**Task goal**
Take the lines of the data below from the very first through the line containing "2014年12月22日,北京" and output them exactly, pictures excluded.

+++ Dataset section

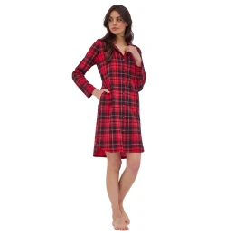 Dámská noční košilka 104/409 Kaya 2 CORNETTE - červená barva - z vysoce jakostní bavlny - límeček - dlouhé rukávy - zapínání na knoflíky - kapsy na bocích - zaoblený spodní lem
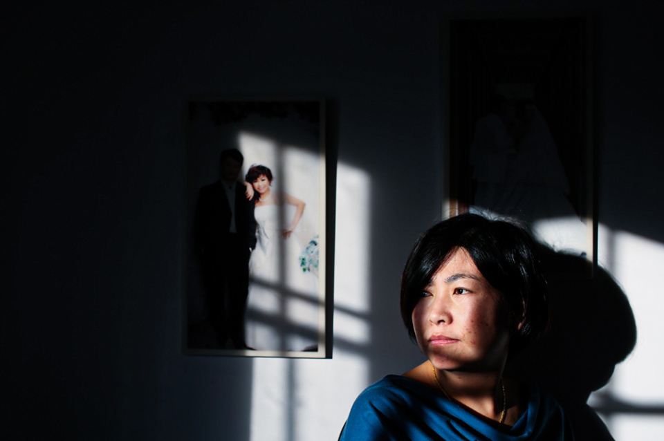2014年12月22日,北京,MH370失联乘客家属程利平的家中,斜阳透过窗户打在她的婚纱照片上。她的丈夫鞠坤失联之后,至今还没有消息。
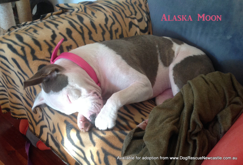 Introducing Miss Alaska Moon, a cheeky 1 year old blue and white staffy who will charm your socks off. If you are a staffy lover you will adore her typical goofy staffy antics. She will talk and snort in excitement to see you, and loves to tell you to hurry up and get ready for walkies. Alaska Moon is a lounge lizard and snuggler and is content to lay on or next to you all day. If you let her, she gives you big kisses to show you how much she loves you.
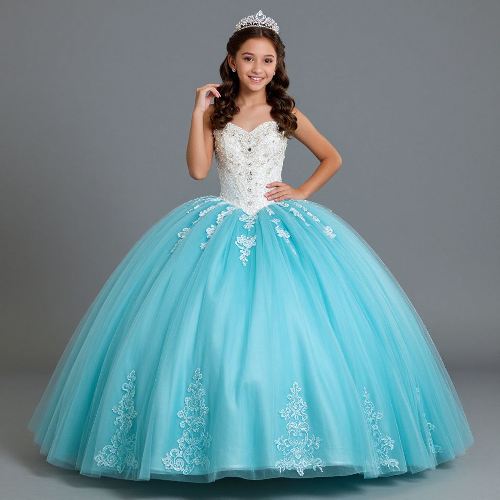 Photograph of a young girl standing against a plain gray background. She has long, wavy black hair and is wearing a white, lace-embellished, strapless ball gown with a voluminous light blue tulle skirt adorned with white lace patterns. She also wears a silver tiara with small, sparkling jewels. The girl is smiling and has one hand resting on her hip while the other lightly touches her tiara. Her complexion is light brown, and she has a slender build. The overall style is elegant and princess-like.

++++++

**Task solution**
 Dámská noční košilka 104/409 Kaya 2 CORNETTE - červená barva - z vysoce jakostní bavlny - límeček - dlouhé rukávy - zapínání na knoflíky - kapsy na bocích - zaoblený spodní lem
2014年12月22日,北京,MH370失联乘客家属程利平的家中,斜阳透过窗户打在她的婚纱照片上。她的丈夫鞠坤失联之后,至今还没有消息。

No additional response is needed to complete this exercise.